The momentum in the HHS mandate cases seems to be moving against the federal government. The more time that goes by, the weaker the standing and ripeness objections become, and the more likely that courts will begin to turn their attention to the merits. The legal argument for the mandate seems to be flagging even in those cases where it seemed (at least to me) that the government’s case was comparatively stronger.
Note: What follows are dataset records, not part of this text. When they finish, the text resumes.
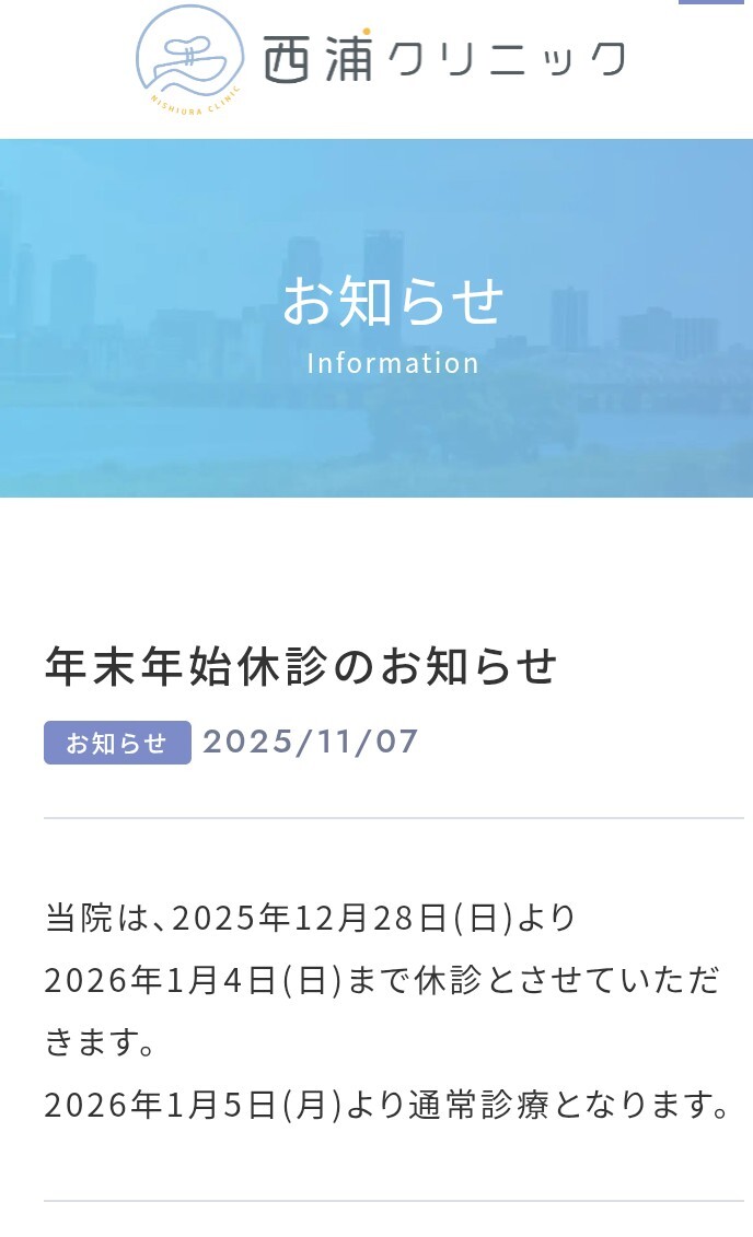 おはようございます😊 本日の西浦クリニックは、夜診までの一日です👨‍⚕ 【年末年始 休診のお知らせ】 少し早めですが、年末年始休診のお知らせをホームページでお知らせしています。皆さま、ご確認をよろしくお願いします🙇 #西浦クリニック #淀川区精神科 #淀川区心療内科 #休診 #年末年始 pic.x.com/rzhaqVvKfd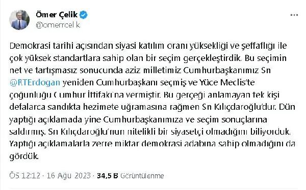 “Kılıçdaroğlu, CHP’ye gönül veren vatandaşlarımızın demokratik iradesini istismar etmeye devam ediyor. Bu iradeye saygı duymak yerine, kendi koltuğunu sağlama almak için çirkin sözlerle milli iradeye saldırıyor. CHP’ye gönül veren vatandaşlarımızın da tanıklığı ile Kılıçdaroğlu’nun gerçeklikle bağı kopmuş, siyasi tutumu demokrasi karşıtlığına dönüşmüştür. Terör odağı Kandil’in Cumhuriyeti yeniden kurma, siyasi özerklik, terörist başına imtiyazdan bahsettiği dönemde suskun kalan Kılıçdaroğlu’nun bugün söyledikleri siyaseten yok hükmündedir. Cumhurbaşkanımız Sayın Recep Tayyip Erdoğan ise aziz milletimizin her defasında artarak yinelenen desteği ile Cumhurbaşkanı olarak milletimize hizmet etmeye, ülkemizin hak ve menfaatlerinin korunmasına liderlik etmeye devam etmektedir.” (DHA)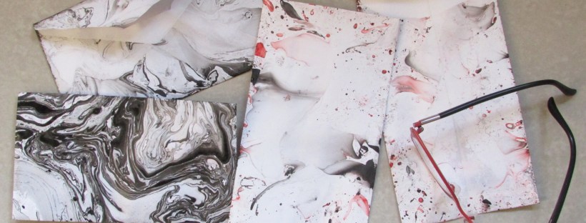 So we decided to spend the weekend Paper Marbling and it was so much fun! Just what the doctor prescribed… with all this constant change in the weather we have been falling quite ill. Fortunately for us, there is always something arty to do & crafty to learn while you recover.

On Thursday, the United States District Court for the Western District of Missouri issued a preliminary injunction against the government from enforcing the mandate against a private company, American Pulverizer Co., whose owners are Evangelical Christians who believe that the use of contraception is contrary to their religious beliefs. Plaintiffs’ companies employ about 150 people, and the current plans cover contraceptive services (perhaps a notable feature of the plans, in my opinion, insofar as the “substantial burden” prong of the RFRA standard is concerned, though the court did not discuss it in reaching its decision). But plaintiffs wish to change the plans to exclude contraceptive coverage.
As in the O’Brien case referenced by the court (and in which the Eighth Circuit essentially granted the claimant’s motion for preliminary injunction pending appeal), the plaintiffs do not qualify for any exemption or safe harbor from enforcement — they are not religious employers under the terms of the ACA, the don’t qualify for the safe harbor available to non-profits, and they don’t qualify for grandfathered status. That means the regulation would be enforced against them at the beginning of the new year.
In granting the preliminary injunction against the government, the court essentially punted on the question of whether a corporation can exercise religion, ruling that because the issue demands further “deliberate investigation,” an injunction was warranted. And it further held that indirect impositions on religious beliefs can constitute substantial burdens. Finally, the court held that the government could not satisfy its burden to demonstrate that it is advancing a compelling state interest in imposing the mandate, in light of the numerous exceptions contained in the law: “these exemptions undermine any compelling interest in applying the preventative coverage mandate to Plaintiffs.”
The case is American Pulverizer Co. et al. v. U.S. Department of Health and Human Services, No. 12-3459-CV-S-RED (W.D. Mo. Dec. 20, 2012).